If it returned a generation newer than us then we update the value we will return and invalidate any inherited methods. We do the latter by bubbling any non-inherited methods up over any inherited methods and reducing the array size appropriately.

So, we might think we are only using 3 slots out of a (memory) allocated 5 slots and hopefully idio_realloc() won’t get upset when we ask to increase the array size to 4 and then 5 slots again.

dump-vtable

Obviously, we should have a dump-vtable function so we can check what’s going on!

Type Variances

Most types are going to follow a fairly benign pattern of not doing very much. They’ll have a vtable with some methods.

Other types are a bit more interesting as we have the concept of a type and an instance of a type.

C/pointers

Regular C/pointers are benign, we’re more interested in those we’ve previously applied a C Structure Identification (CSI) mark to.

In this case, when we create such a “typed” C/pointer we want to create a type-specific vtable for it whose parent is the base C/pointer vtable.

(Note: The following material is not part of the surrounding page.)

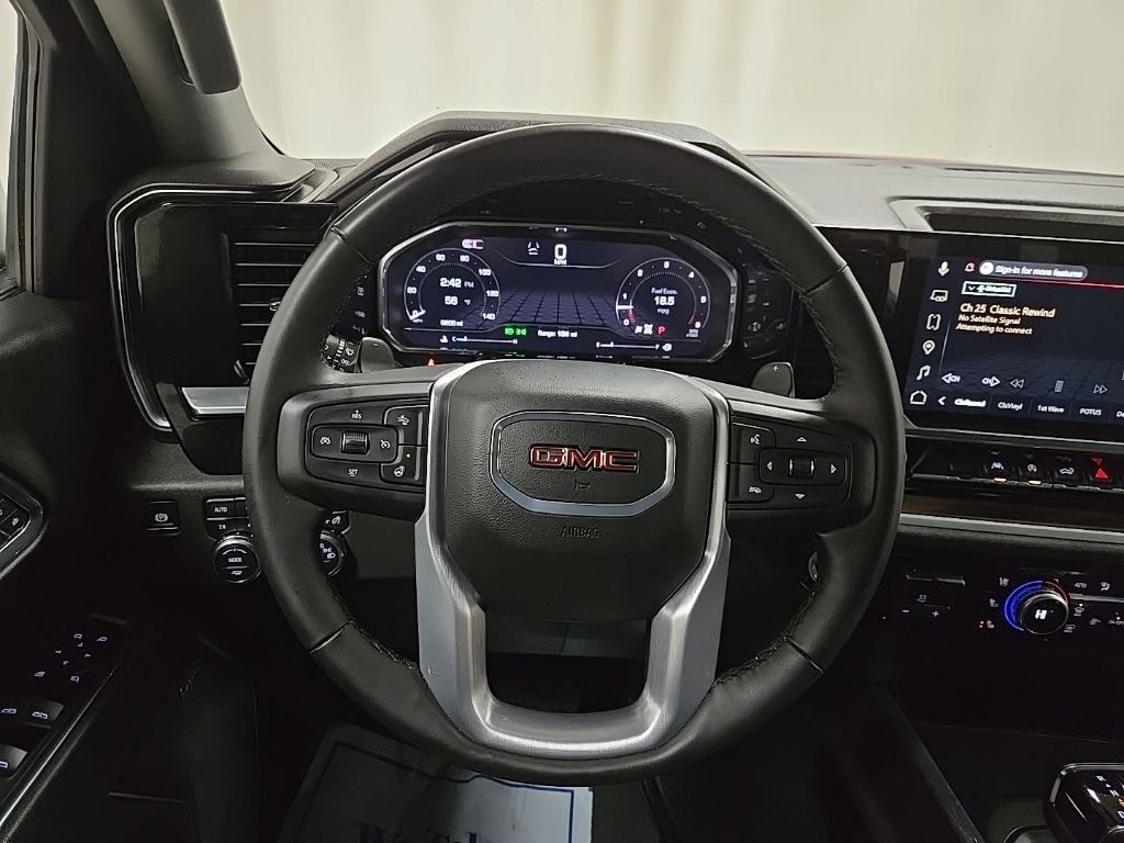 Volcanic Red Tintcoat 2025 GMC Sierra 1500 SLT 4WD 10-Speed Automatic EcoTec3 6.2L V8 10-Speed Automatic, 4WD, Black Leather, 10-Way Power Driver Seat Adjuster w/Lumbar, 10-Way Power Passenger Seat Adjuster w/Lumbar, 120-Volt Bed Mounted Power Outlet, 120-Volt Interior Power Outlet, 170 Amp Alternator, 2 Charge/Data USB Ports, 2 Charge/Data USB Ports Inside Center Console, 2 Type-C Charge-Only Rear USB Ports, 20" Polished Aluminum Wheels, 3.23 Rear Axle Ratio, 4-Wheel Disc Brakes, 6 Speakers, 6-Speaker Audio System Feature, ABS brakes, Adaptive Cruise Control, Air Conditioning, Alloy wheels, AM/FM radio: SiriusXM with 360L, Apple CarPlay/Android Auto, Auto High-beam Headlights, Auto-dimming door mirrors, Auto-dimming Rear-View mirror, Auto-Locking Rear Differential, Automatic Emergency Braking, Automatic temperature control, Auxiliary External Transmission Oil Cooler, Brake assist, Buckle to Drive, Bumpers: chrome, Chrome Header & Chrome Grille Insert Bars, Color-Keyed Carpeting Floor Covering, Compass, Deep-Tinted Glass, Delay-off headlights, Driver door bin, Driver Memory, Driver vanity mirror, Dual Active Exhaust, Dual Exhaust System, Dual front impact airbags, Dual front side impact airbags, Electric Rear-Window Defogger, Electronic Precision Shift, Electronic Stability Control, Emergency communication system: OnStar, Floor-Mounted Center Console, Following Distance Indicator, Forward Collision Alert, Front 40/20/40 Split-Bench Seat, Front anti-roll bar, Front Bucket Seats, Front Center Armrest w/Storage, Front dual zone A/C, Front fog lights, Front Frame-Mounted Black Recovery Hooks, Front Pedestrian Braking, Front Rain-Sensing Wipers, Front reading lights, Front wheel independent suspension, Fully automatic headlights, HD Rear Vision Camera, Heated 2nd Row Outboard Seats, Heated door mirrors, Heated Driver & Front Outboard Passenger Seating, Heated front seats, Heated steering wheel, Heavy-Duty Air Filter, High Capacity Suspension Package, Hill Descent Control, Hitch Guidance, Hitch View, Illuminated entry, In-Vehicle Trailering System App, Integrated Trailer Brake Controller, IntelliBeam Automatic High Beam On/Off, Keyless Open & Start, Lane Keep Assist w/Lane Departure Warning, LED Cargo Area Lighting, Low tire pressure warning, Manual Tilt-Wheel & Telescoping Steering Column, Memory seat, Navigation System, Occupant sensing airbag, Off-Road Suspension, OnStar Services Capable, Outside temperature display, Overhead airbag, Overhead console, Panic alarm, Passenger door bin, Passenger vanity mirror, Perf Leather-Appointed Front Outboard Seat Trim, Perimeter Lighting, Power Door Locks, Power door mirrors, Power driver seat, Power Front Passenger Windows w/Express Up/Down, Power Front Windows w/Driver Express Up/Down, Power passenger seat, Power Rake & Telescoping Steering Column, Power Rear Windows w/Express Down, Power Sliding Rear Window w/Rear Defogger, Power steering, Power Sunroof, Power windows, Preferred Equipment Group 4SA, Premium Bose 7-Speaker Sound System, ProGrade Trailering System, Push Button Start, Radio data system, Radio: Premium GMC Infotainment Audio System, Rain sensing wipers, Rear reading lights, Rear seat center armrest, Rear step bumper, Rear Wheelhouse Liners, Rear window defroster, Remote keyless entry, Remote Vehicle Starter System, Security system, SiriusXM w/360L Trial Subscription, SLT Convenience Package, SLT Preferred Package, Speed control, Speed-sensing steering, Split folding rear seat, Standard Suspension Package, Steering Wheel Audio Controls, Steering wheel mounted audio controls, Tachometer, Telescoping steering wheel, Theft Deterrent System (Unauthorized Entry), Tilt steering wheel, Traction control, Trailering Package, Trip computer, Universal Home Remote,

If we look in the supplied CSI data we’ll have:

  1. the struct’s nominal name, say, libc/struct-timeval, a symbol

  2. a list of the members of the C struct

  3. (possibly) a -ref function – usually a primitive

Here, we look for, or create, a vtable for this “type” of C/pointer (in the idio_C_pointer_type_vtables hash table) which we can point to from this C/pointer instance of the C/pointer “type”.

structs

Idio structs are a bit more interesting as we want to match the parentage of the struct-type within the vtables.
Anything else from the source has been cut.